Sunday, August 7, 2011

Obama, the left, and the two-party system

Freddie deBoer had a good post recently bemoaning Obama's illiberal tendencies. You should read the whole thing, but this passage touches on something I've been thinking about lately:
Not a day goes by where I argue politics online without some Obama supporter hurling invective at me and insisting that I have no choice, that if I refuse to vote for Obama I am in essence voting for Michelle Bachmann [sic], that it's a two party system and I should just take it and like it, or, most absurdly, that he secretly is pursuing my agenda and I'm just too stupid to read the tea leaves and SEE. (Andrew Sullivan's "meep meep" thing has become the rallying cry of daydream believin' Kool-Aid drinkers everywhere.)
This takes me back to Nader-Gore-Bush circa 2000, when Nader was excoriated by partisan Democrats for "stealing" the election from Gore and derisively labeled a "spoiler." The longtime consumer advocate—and erstwhile liberal hero—was subsequently blamed for a litany of Bush excesses and, in the process, Democratic politicos were let off the hook for backing the Iraq War and the Patriot Act. It wasn't these "pragmatists"—who had served as docile enablers—who should be upbraided, but the leftists and liberals who supported Nader.

I'll admit it: I'm still sore about how Eric Alterman and other partisan ciphers treated Nader, one of the most principled, indefatigable champions of liberal and small-d democratic causes in the last half-century. It was repugnant tribalism and a low point for the Democratic establishment.
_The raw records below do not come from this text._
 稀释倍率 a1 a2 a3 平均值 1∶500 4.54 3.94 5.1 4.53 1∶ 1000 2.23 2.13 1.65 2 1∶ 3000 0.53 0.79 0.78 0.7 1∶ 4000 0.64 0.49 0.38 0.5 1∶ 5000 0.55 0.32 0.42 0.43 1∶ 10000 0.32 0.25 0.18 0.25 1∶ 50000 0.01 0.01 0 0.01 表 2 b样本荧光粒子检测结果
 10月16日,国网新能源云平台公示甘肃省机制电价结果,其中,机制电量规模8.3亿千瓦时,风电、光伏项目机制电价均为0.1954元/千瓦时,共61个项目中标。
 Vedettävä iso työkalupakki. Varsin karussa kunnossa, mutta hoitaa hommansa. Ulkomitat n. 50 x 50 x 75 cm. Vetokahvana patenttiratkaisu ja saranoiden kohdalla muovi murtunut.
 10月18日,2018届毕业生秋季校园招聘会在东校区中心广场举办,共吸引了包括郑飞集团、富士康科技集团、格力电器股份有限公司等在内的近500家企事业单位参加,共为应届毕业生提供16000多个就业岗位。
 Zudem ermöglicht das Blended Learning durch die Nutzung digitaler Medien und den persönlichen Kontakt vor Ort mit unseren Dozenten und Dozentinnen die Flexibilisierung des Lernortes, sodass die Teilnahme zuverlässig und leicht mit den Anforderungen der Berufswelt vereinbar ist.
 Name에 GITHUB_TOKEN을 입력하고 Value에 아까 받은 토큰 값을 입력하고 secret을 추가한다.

Lingering vexation aside, though, the pillorying of Nader is a useful case study for how centrists and partisans—in this case, Obama devotees—shouldn't act toward those who flank them from the left.

Just as the left should recognize how closely its success is tied to the vibrancy of the center-left, the future viability of the center-left project is contingent on the left's ability to shift the center, to transmute and transform the present paradigm; dispense with the acrimony and embrace the symbiosis. (Read Ta-Nehisi Coates for his perceptive take.)
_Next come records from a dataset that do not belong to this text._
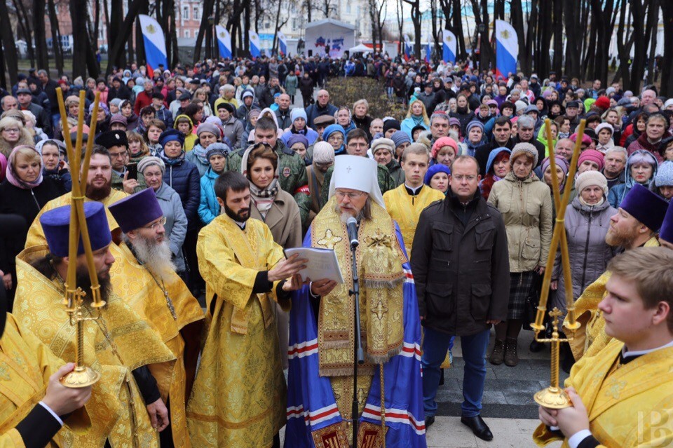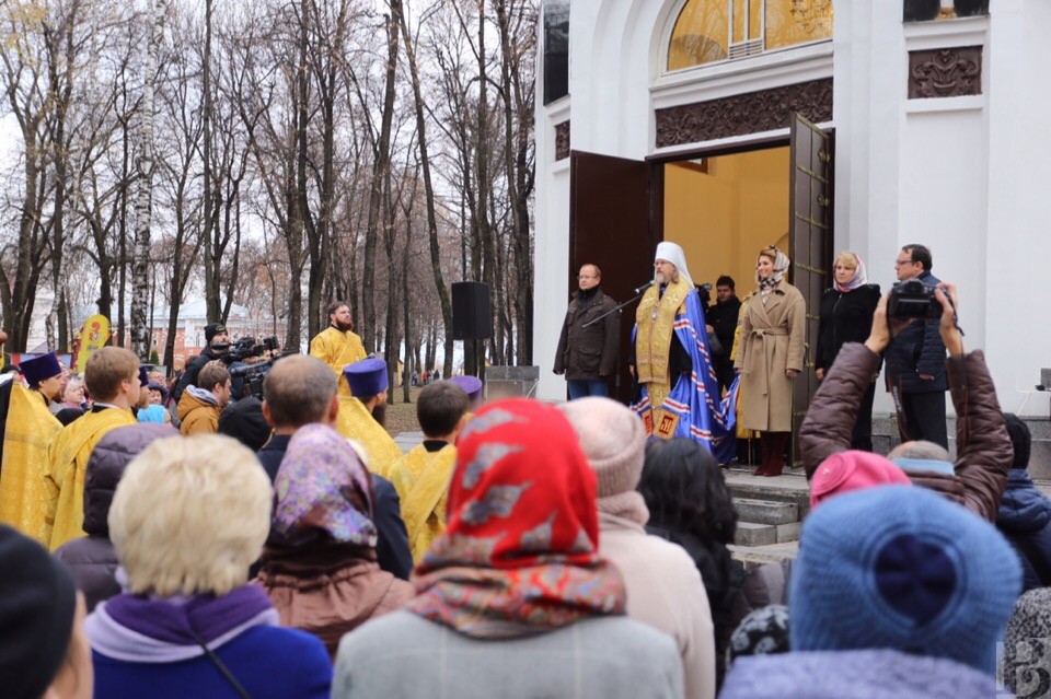 – В нашей истории есть периоды, когда людям было настолько плохо, что они объединялись вокруг благой цели и идеи служения Отечеству, – сказал, обращаясь к рязанцам, митрополит Марк. – Главной идеей была идея сохранения нашей России, святой Руси, места, благословленного Богом. Сегодня мы с вами собрались на этом месте. Часовня, построенная в часть 900-летия Рязани, оказалось на какое-то время забытой и отчасти заброшенной. Благодаря губернатору и главе администрации Рязани, часовня эта вновь становится центром притяжения рязанцев. Все вокруг здесь преобразилось, и символично, что именно сегодня, в День народного единства, мы совершили обновление этого святого места. Если мы будем едины, сильны, крепки, то Рязань, как и вся наша Родина, будет устремлена в будущее.
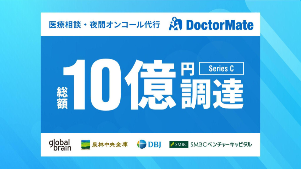 介護事業所向けに医療ソリューションを提供するドクターメイト株式会社(代表取締役・医師 青柳 直樹)は、シリーズCラウンドでグローバル・ブレインが運営するGB8号ファンドおよび農林中金イノベーションファンド、DBJキャピタル並びにSMBCベンチャーキャピタルの4社を引受先とした第三者割当増資と、借入を含む10億円の資金調達を実施したことをお知らせします。
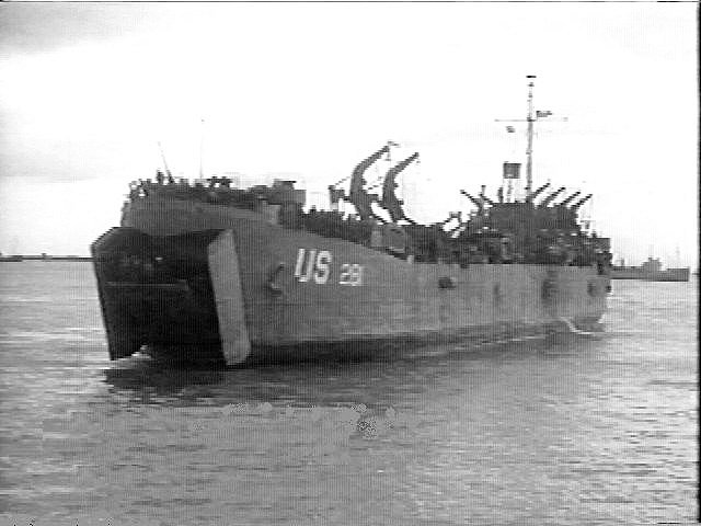50k | USS LST-281 at anchor off the coast of Normandy, June 1944. US National Archives image |

So how will this play out in 2012? It's not looking good. I'd be astonished if the election isn't marked by Obama acolytes telling the disgruntled left to genuflect or go to hell (but still vote for Obama, mind you). Here's Glenn Greenwald on what us on the left should expect:
"In other words: it makes no difference to us how much we stomp on liberals' beliefs or how much they squawk, because we'll just wave around enough pictures of Michele Bachmann and scare them into unconditional submission. That's the Democratic Party's core calculation: from "hope" in 2008 to a rank fear-mongering campaign in 2012. Will it work? The ones who will determine if it will are the intended victims of that tactic: angry, impotent liberals whom the White House expects will snap dutifully into line no matter what else happens (even, as seems likely, massive Social Security and Medicare cuts) between now and next November."
Look, I'm an idealist. I have to be, or I'd already find myself despondent and jaundiced, a political eunuch. (Saul Alinsky's quote about fanning "the embers of hopelessness into a flame to fight" is apropos.)
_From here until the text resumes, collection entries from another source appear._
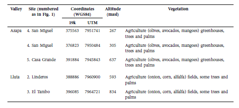 Three survey sites were omitted from the statistical analysis because of marked differences in spatial structure compared to the other sites. The omitted sites were more closed by buildings or because they were in a ravine. Otherwise, the studied sites in Chile and Peru were comparable agricultural or open urban spaces. Bats adjust call parameters according to the structure of the surroundings (Barclay et al. 1999; Gillam et al. 2009); in particular, closed sites result in higher peak frequencies that allow bats to better detect obstacles in the environment.
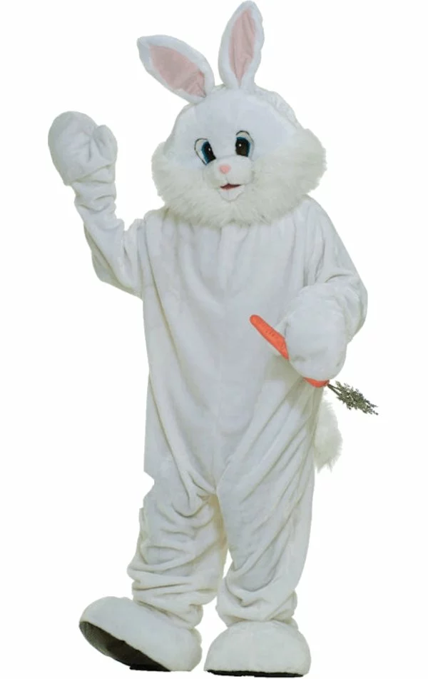 Hop around for your favourite sports team in the Adult Deluxe Plush Bunny Rabbit Mascot Costume! The costume includes a white headpiece plus jumpsuit with attached hands and foot covers
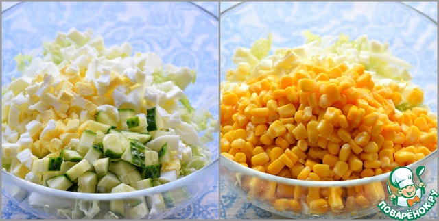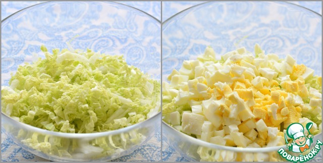 Пекинскую капусту нашинковать. Выложить в большой салатник.
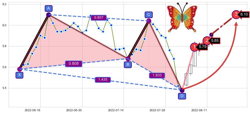 ➣ 已完成【蝴蝶】形态起点X: 2022-06-09, 终点D: 2022-08-03, 共40交易日

For a leftist like myself, one must be realistic without resigning oneself to realpolitik. In this context that amounts to acknowledgment of a few things: The United States has a two-party system largely for incorrigible, institutional reasons. Even non-institutional factors—media attention, money, automatic ballot-access—give major parties an enormous leg up. Third-party presidential candidacies are often forlorn affairs.

None of this should make us all run to the nearest milquetoast major-party candidate, though, desperate for political relevancy. First-past-the-post system or not, we live in a democracy (or, to be more specific, a representative democracy—and a rather emaciated one at that). At its core our system of government should be an affirmation of the primacy of citizens over politicians; unwavering devotion to a given candidate is anathema the democratic ethos that should pervade the polity.

The point I'm making should, I think, be noncontroversial. But the noxiousness and ubiquity of vacuous partisanship is such that it's worth amplifying: Obama—or Gore, or Bush, or any other politician—has to earn the votes of different constituencies and ideological cohorts. If Obama's record is an affront to liberal values, if he has deviated and triangulated his way to the center-right, if he has failed to advancing a reasonably left-wing agenda, then the left has every right to reconsider its support. This is the stuff of electoral politics.

The left doesn't owe the Democratic Party anything. The left doesn't owe Obama anything. The left doesn't owe any politician anything.

Rhetoric that suggests otherwise is both condescending and vaguely authoritarian.